If it weren't for the unhappy clash of metal that came from being a cornet player with braces on his teeth, percussionist Murray Hickman might have stayed in a brass band.
At 13, the Feilding musician was forced to switch to percussion but he had no trouble settling into the rhythm of his new instrument. These days, any clash of metal and other solid objects comes from his frenetic drum-banging performances on stage.
Hickman is a founding member of the Wellington-based contemporary percussion ensemble Strike. The group was formed in 1993 when Hickman graduated from the Wellington Conservatorium of Music, but didn't really hit its straps until 1997.
Strike was never going to be about standing around on stage banging a conservative beat.

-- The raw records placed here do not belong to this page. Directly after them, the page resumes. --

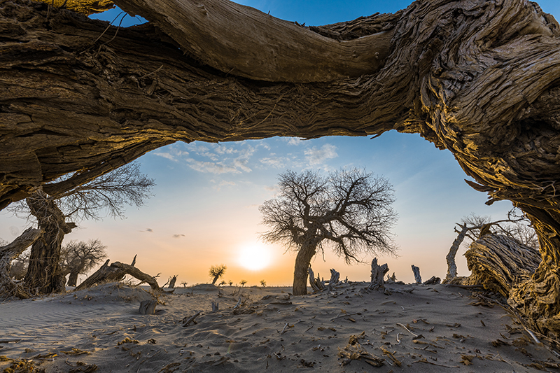 从一道桥到八道桥,45万亩胡杨林编织出秋日最炽烈的色彩。虬枝盘曲的金色树冠倒映在弱水河畔,骆驼队穿行其间,每一步都踏进梵高的油画。黄昏时分,怪树林的剪影在落日中苍凉起舞,诉说“生而不死一千年”的生命史诗。
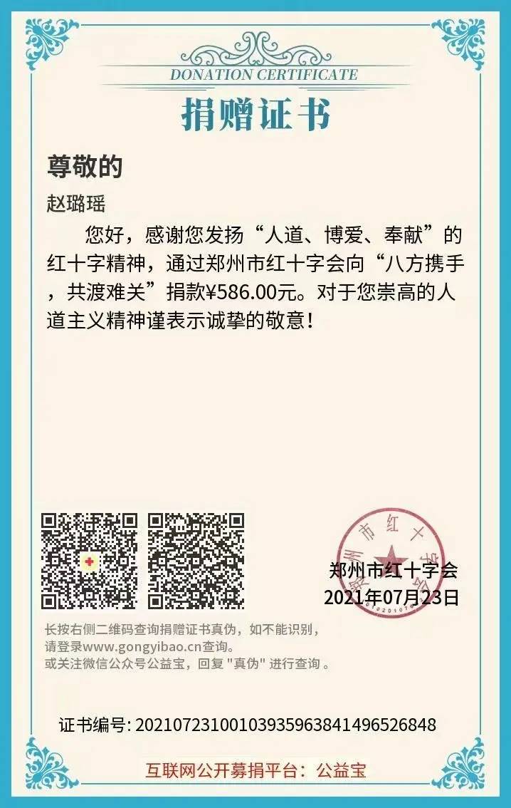 7月20日下午,一场罕见的暴雨突然袭击河南省,连续三天的极值降水,致使williamhill英国研究生赵璐瑶的家乡受损严重,只能暂时转移至安全地区。水火无情,但人有情,7月23日,赵璐瑶向郑州市红十字会捐款,以个人行动诠释着“人道、博爱、奉献”的精神,她只希望家乡能快一点、再快一点恢复如初,人民能吃喝不愁,有家可归。
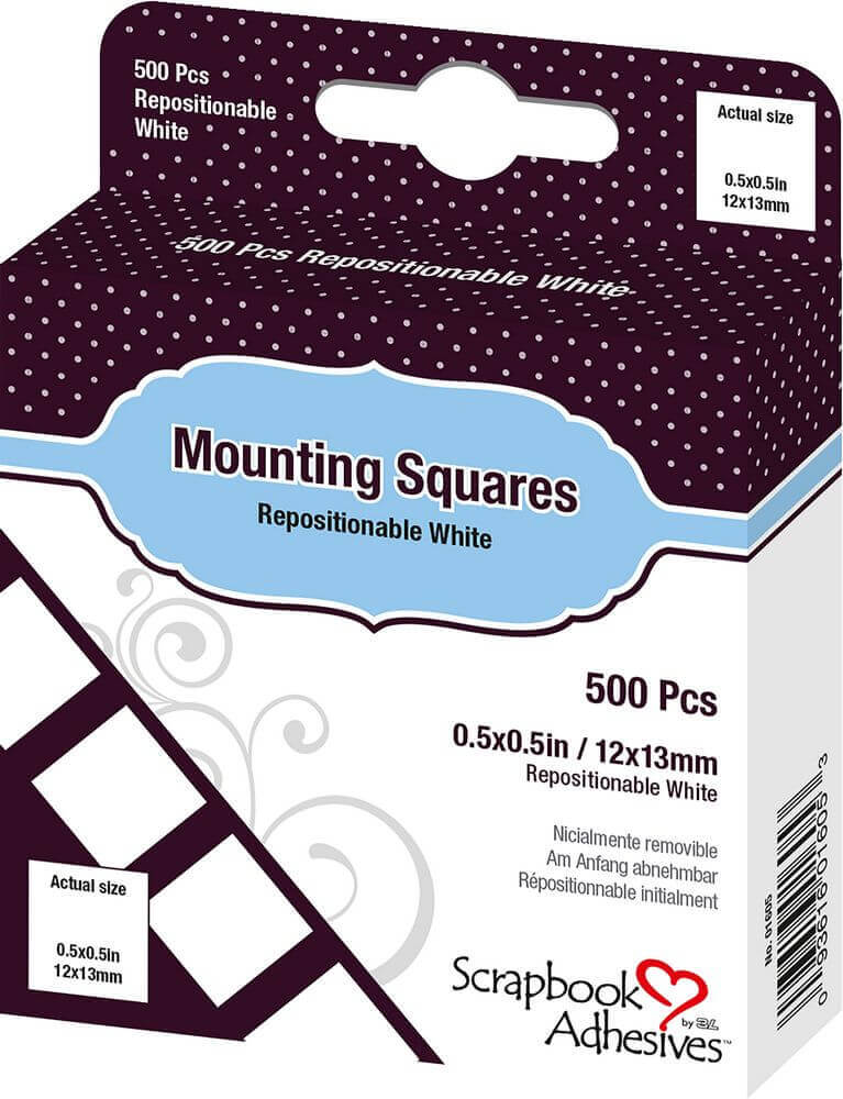 Scrapbook Adhesives Mounting Squares 500/Pkg-Repositionable, White, .5″X.5″
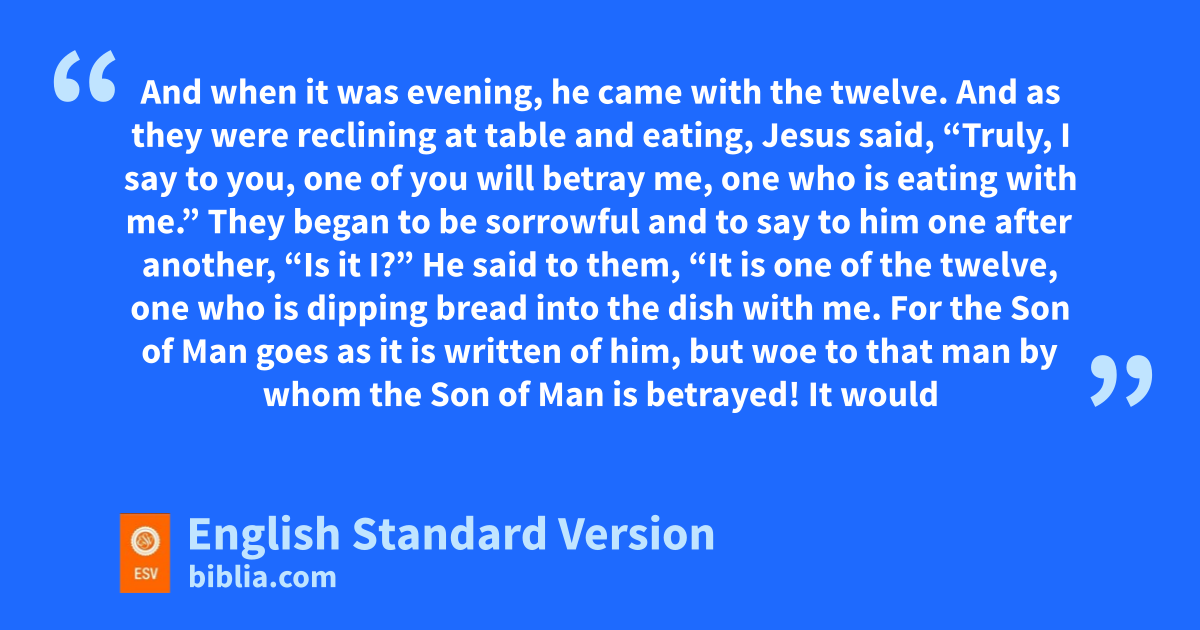 17 wAnd when it was evening, he came with the twelve. 18 And as they were reclining at table and eating, xJesus said, “Truly, I say to you, one of you will betray me, yone who is eating with me.” 19 They began to be sorrowful and to say to him one after another, “Is it I?” 20 He said to them, “It is zone of the twelve, yone who is dipping bread into the dish with me. 21 For the Son of Man goes aas it is written of him, but bwoe to that man by whom the Son of Man is betrayed! cIt would have been better for that man if he had not been born.”
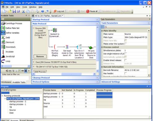 Monitoring the overall run progress Procedure To check the overall run progress: In the VWorks window, select View > Progress. The Progress tab appears at the bottom of the window and displays the following: Area or table Description Overall progress Displays a progress bar to indicate how far along the system is in all running protocols. Running protocols Contains the list of protocols that are currently running. You can select a protocol name to display the progress of all processes in the protocol, or you can select a specific process and display its progress. Display Based on your selection in the Overall progress area, shows an aspect of the overall run progress. Related information For information about... See... Tracking run progress of instances, processes, or devices Tracking the run progress of instances or devices Pausing the run Pausing the run Stopping the run Stopping the run

"We did a gig with the Royal New Zealand Ballet that [composer] Gareth Farr wrote," explains Hickman. "It was choreographed so the instruments we played were placed quite a distance from us. We had to reach for whatever we played and the dancers were copying our movements."
Hickman and Steve Bremner were part of that performance and realised the dramatic impact of combining percussion and dance in what could be seen as a logical marriage - rhythm is essential to choreographed movement.
Hickman had seen it work perfectly already while studying in Australia under that country's finest percussionist, Michael Askill of Synergy. He appeared in a show called Free Radicals by Askill, which featured choreographed percussion.
"It's such a physical and visual thing playing percussion anyway," says Hickman. "When you're in an orchestra you're required to stand up the back and wear a bow tie and look very nice, but running and jumping around is a lot more fun."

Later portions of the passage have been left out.